Grid computing, in which clusters of computers or vast distributed networks, often connected through links far faster than conventional internet pipes are now allowing scientists, engineers, clinicians, designers, and others to access distributed databases, powerful computing resources and instrumentation and so creating opportunities for faster, better or different approaches to research.
Grid computing allows scientists to collaborate more effectively than ever before, sharing, data and knowledge. Until recently, however, much of the developments had focused on storage, computation, and resource management. The myGrid project concentrates on the higher-level components and services that will support the scientific research process itself as well as enabling core scientific collaboration. It will allow dynamic groupings to tackle research problems and provide a workbench for the e-scientist that will underpin the scientific process for many researchers.
Writing today in the International Journal of Bioinformatics Research and Applications (2007, 3, 303-325), Katy Wolstencroft, Pinar Alper, Duncan Hull, Robert Stevens, and Carole Goble of The School of Computer Science, at the University of Manchester, Christopher Wroe of BT Global Services, London (previously at Manchester), and Philip Lord of The School of Computing Science, at the University of Newcastle upon Tyne explain how myGrid supports in silicolife sciences research, computational experiments, in other words. The project essentially focuses on bioinformatics, which uses the rich data of genomes and gene function, to help scientists understand life.

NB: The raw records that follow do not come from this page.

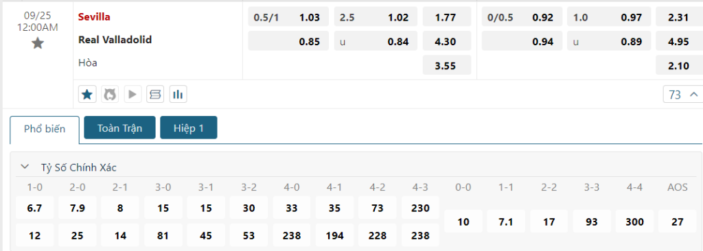 Soi kèo tỉ số Sevilla vs Valladolid
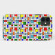 Dieses iPhone Gehäuse hat ein Bauhaus-Design aus einem Gitter mit Quadraten und Rechtecken in rot, grün, blau, orange, hellblau, gelb und rot.
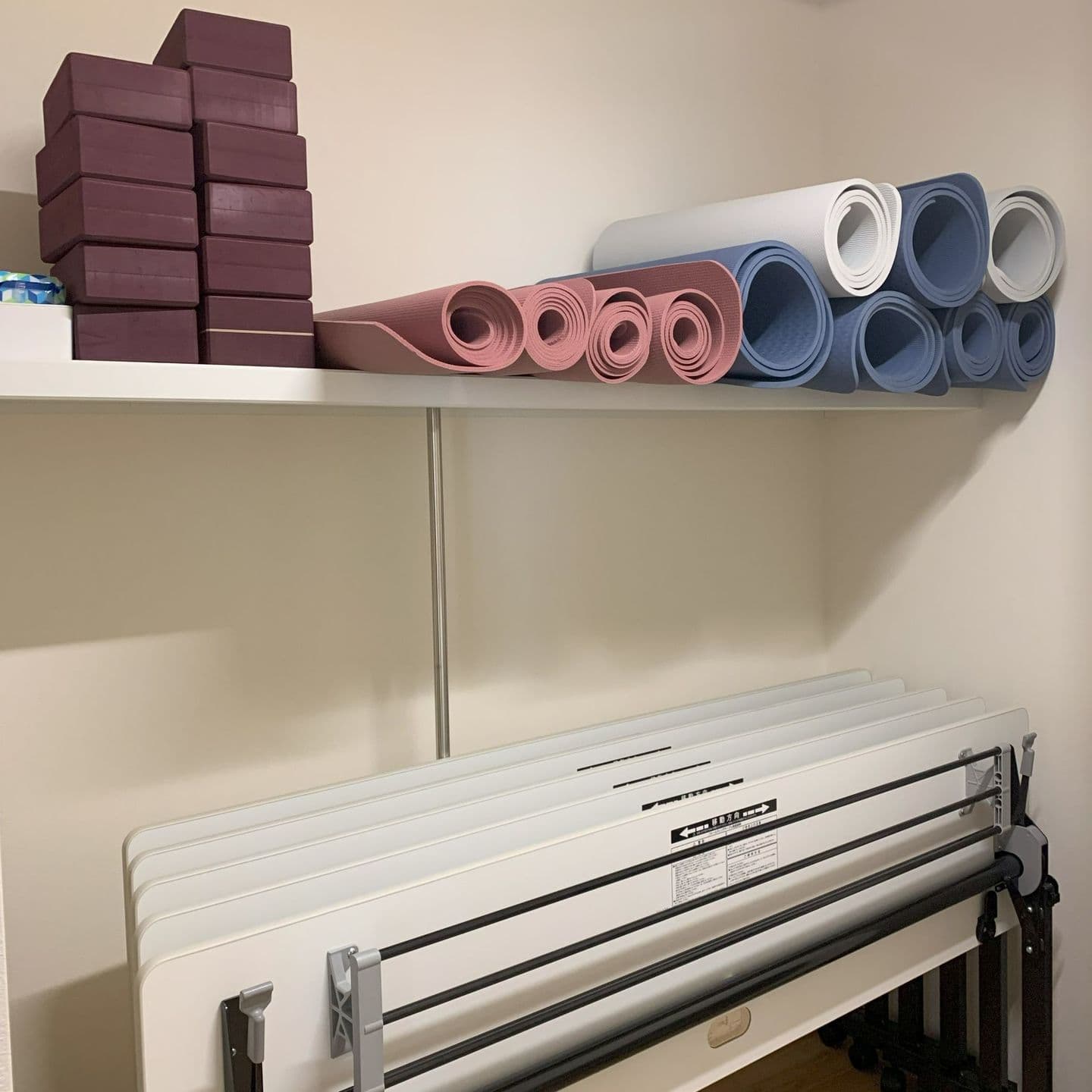大きな収納室には棚を入れヨガマットなどの備品の他、会議机と椅子を収納します。更衣室としてもご利用ください。
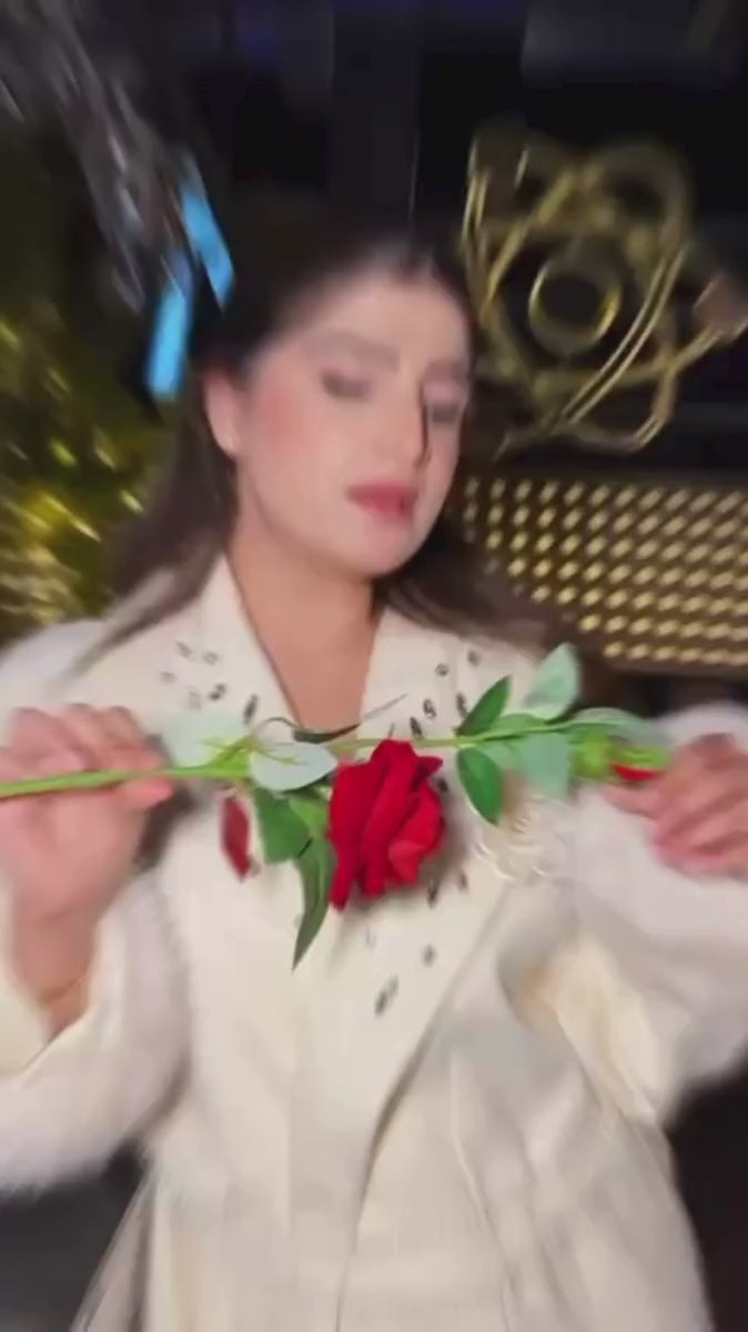 Elevate your formal wardrobe with this sophisticated blazer, featuring an exquisite crystal-embellished collar that catches light beautifully. The luxurious fur-trimmed sleeves add an element of refined elegance, while the pearl-adorned belt cinches the waist for a flattering silhouette. Crafted with meticulous attention to detail, this statement piece seamlessly transitions from boardroom meetings to evening events. The combination of premium materials and intricate embellishments makes it an investment piece that commands attention and exudes confidence.
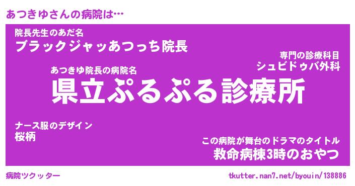 | 意味不明あだ名 | 『ペロリンあつきゆ』『永久保存あつきゆ』 |

Bioinformaticians chain database searches and analytical tools using often complex scripts or workflows to extract knowledge and information. These “in silico” experiments use different interfaces and data formats but myGrid is using a special workflow language (SCUFL) to capture data and bring disparate resources together. It does this by presenting them directly as Web Services or as components within a single framework. Workflows can then be shared, reused and adapted by collaborating users. A single query will meet a user’s needs once all the relevant resources are Grid-enabled.
In addition, the myGrid Information Repository (mIR) is a central component that allows a team to preserve, organize and share their data and metadata – data about data. Principal among the data are the laboratory results that will comprise the input to workflows, the workflows themselves and their outputs. Provenance information – the “who, how, what, where, and when” information – is just as important as workflows and their results. Such information is routinely collected in bench experiments but now myGrid allows users to capture provenance information as metadata stored in the mIR for their in silico experiments. The workflow enactor builds a provenance record identifying precise service details, date and time of execution and intermediate results.

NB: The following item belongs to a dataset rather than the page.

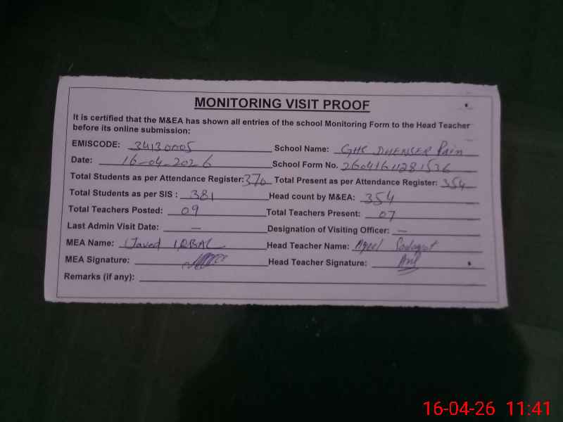 | EMIS Code: 34130005 | Name of School: GHS DHENSAR PAEEN | |||
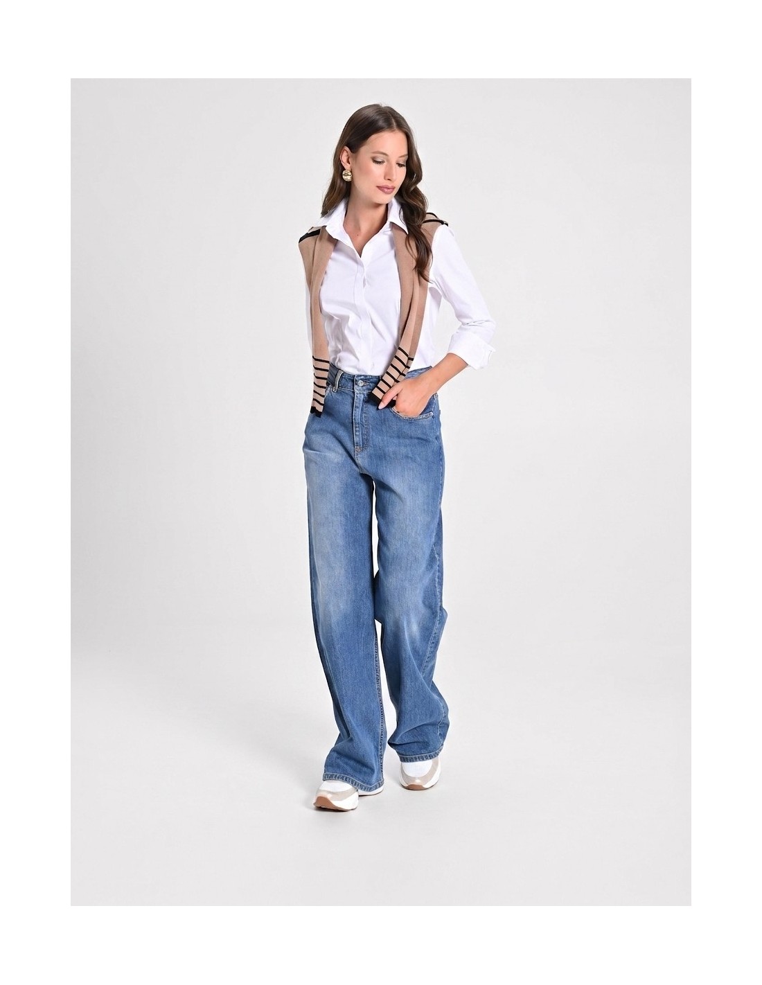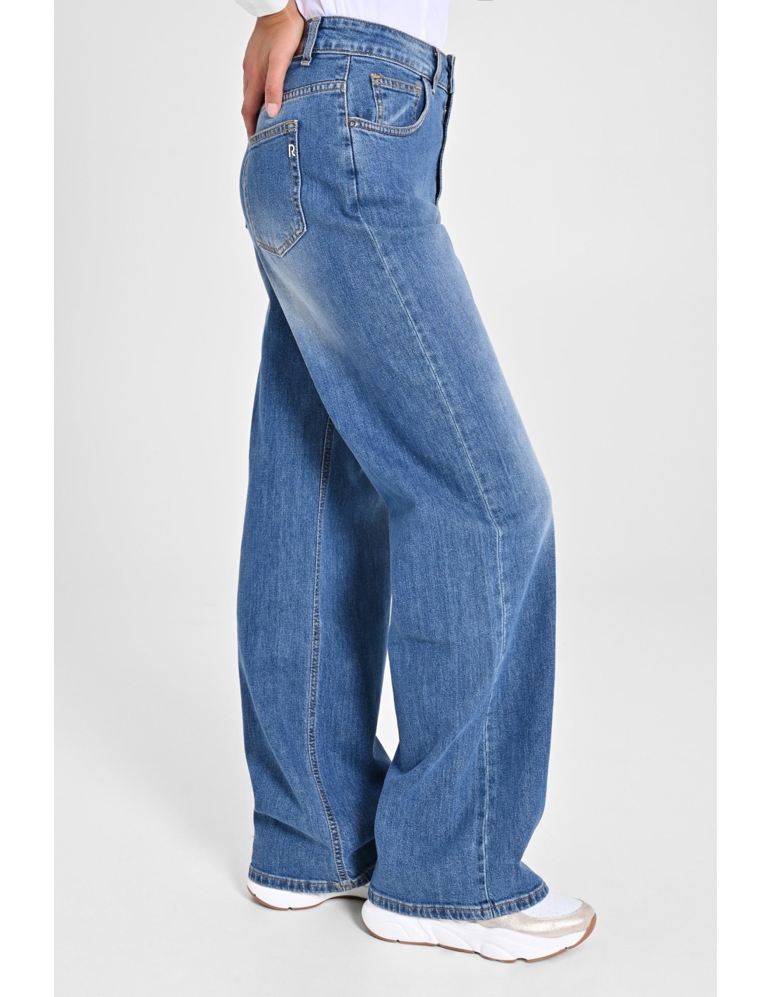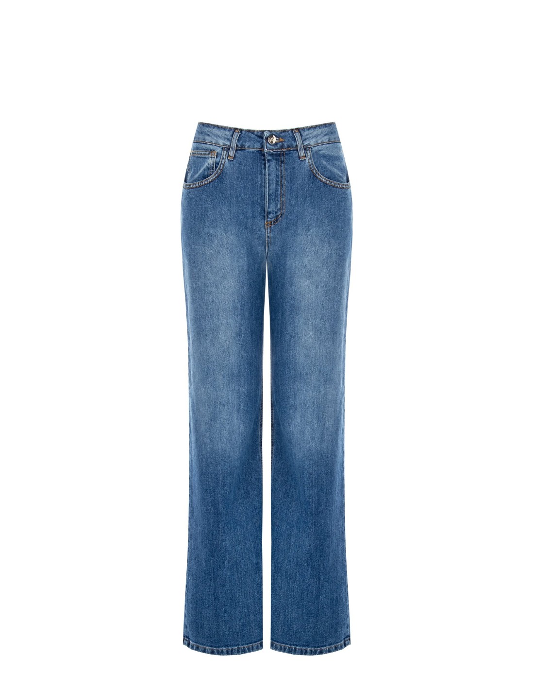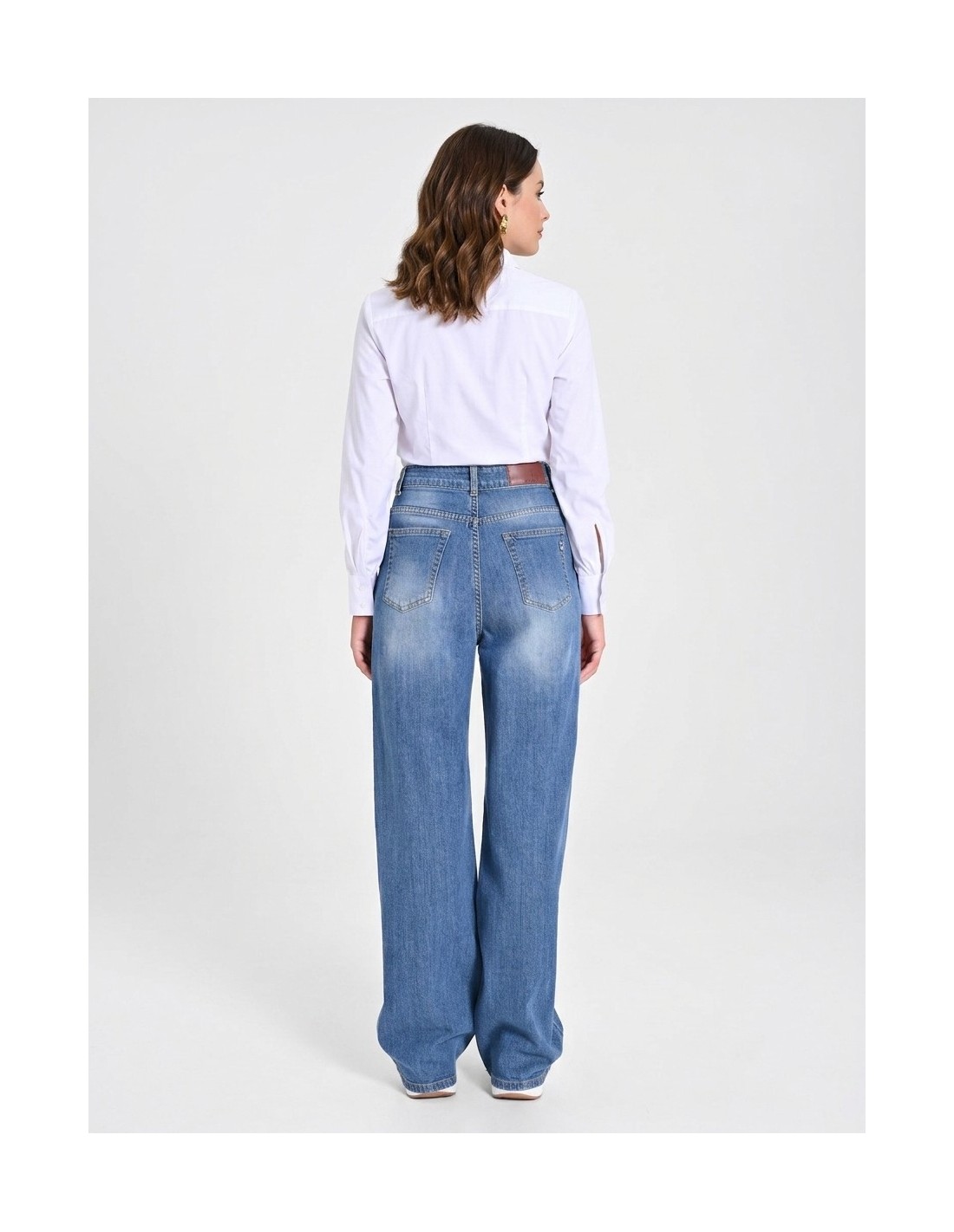 Jeans de perna larga em ganga macia com caimento fluido e alongador, com cintura alta que valoriza a silhueta e acompanha os movimentos com conforto. Cinco bolsos e fecho com botão e fecho de correr acrescentam um toque autêntico. Perfeito do escritório ao tempo livre.

As a practical application of myGrid, the team worked with researchers at Newcastle University’s Centre for Life to investigate the genetic background to Graves’ disease, the leading cause of hyperthyroidism. This study of Graves’ disease involves a combination of experiments at the laboratory and bioinformatics experiments, in the form of workflows performed in silico. The myGrid team has developed a set of workflows that take the results of bench experiments and help the researchers choose follow-up experiments.

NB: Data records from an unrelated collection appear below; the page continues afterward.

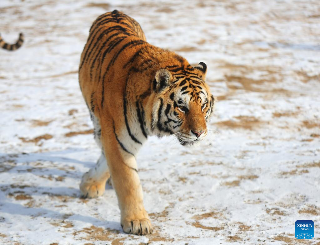 A Siberian tiger is seen at Guaipo Siberian Tiger Park in Shenyang, northeast China's Liaoning Province, Jan. 24, 2022. The 2022 Chinese Lunar New Year falls on Feb. 1. It is based on a 12-year Zodiac cycle of characters, with 2022 being the Year of the Tiger. (Xinhua/Yang Qing)
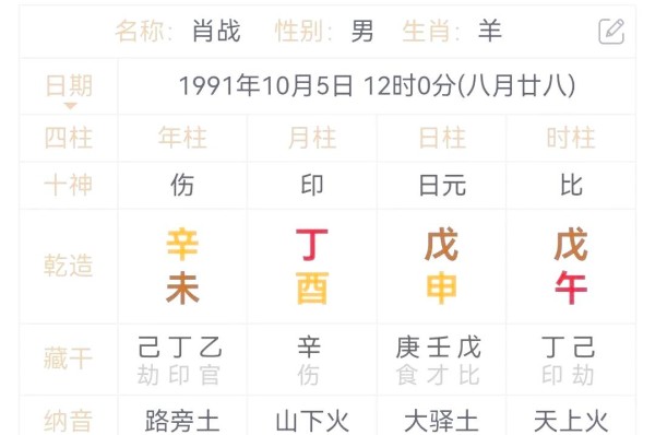 肖战先生,一位备受瞩目的明星,其生日虽来自网络,但出生时间却经过学易者的精心推算,颇具娱乐性。他出生于1991年辛未年,根据纳音被归类为路旁土。在八字命理中,肖战日柱戊申与年支未土相通,正印丁火紧贴其身,同时得到时干戊土比肩的扶持。此外,月干丁火又与时支午火相通,使得正印的力量更为强大。
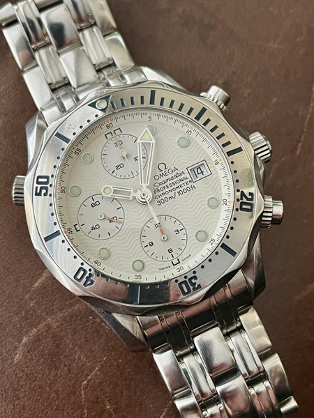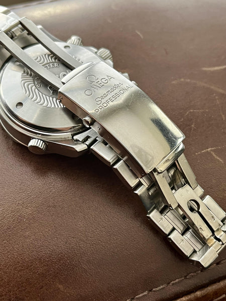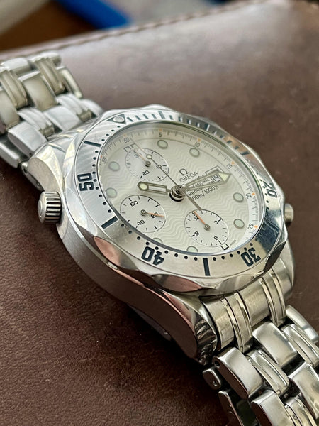 For sale is the Omega Seamaster Diver 300M Automatic Chronograph, a timeless classic that offers robust performance, versatile styling, and exceptional build quality. This model is a perfect choice for anyone looking for a professional-grade dive watch with chronograph functionality.

In the current research paper, the team points out that there are about 3000 services (including web services) offering programmatic access to bioinformatics resources. “The distribution and frequent lack of documentation, however, creates the requirement for easy service discovery,” they explain. In other words there are thousands of services available for solving problems in the life sciences but most of the scientists who might make use of them in their research do not even know that many of them even exist. “If services are available but unknown to the user, the advantages gained from using web service technology could be lost,” Wolstencroft and colleagues explain, “This drives the need for the myGrid ontology of services. In computing, an ontology is basically an annotated list of everything and how each item is related to the others.
The team has designed the myGrid ontology to help life scientists find all these various web services in the area of bioinformatics. The ontology has evolved since inception and new ways to exploit and adapt it have been discovered along the way. The main conclusion, the researchers draw from their efforts is that ontologies are an essential component for service discovery and interpretation. Without ontologies, many of the resources and services out there will remain hidden and essentially unused by the life sciences community.
In practice, the automated discovery of services usually requires a fine-grained description, ontology reasoning, and ranking of discovered matches. In contrast, a scientist doing the search requires course-grained matches and a short list of services that they can then investigate further until they find the best hit for their research project. Underpinning the success is expert curation of the services and key to the success of that is the development of a way to standardise the annotations associated with each entry in the ontologies, or at the very least the development of a standardised way of interpreting those annotations. “Our experiences have shown that using an ontology for service discovery is not a luxury, but a requirement,” the researchers conclude.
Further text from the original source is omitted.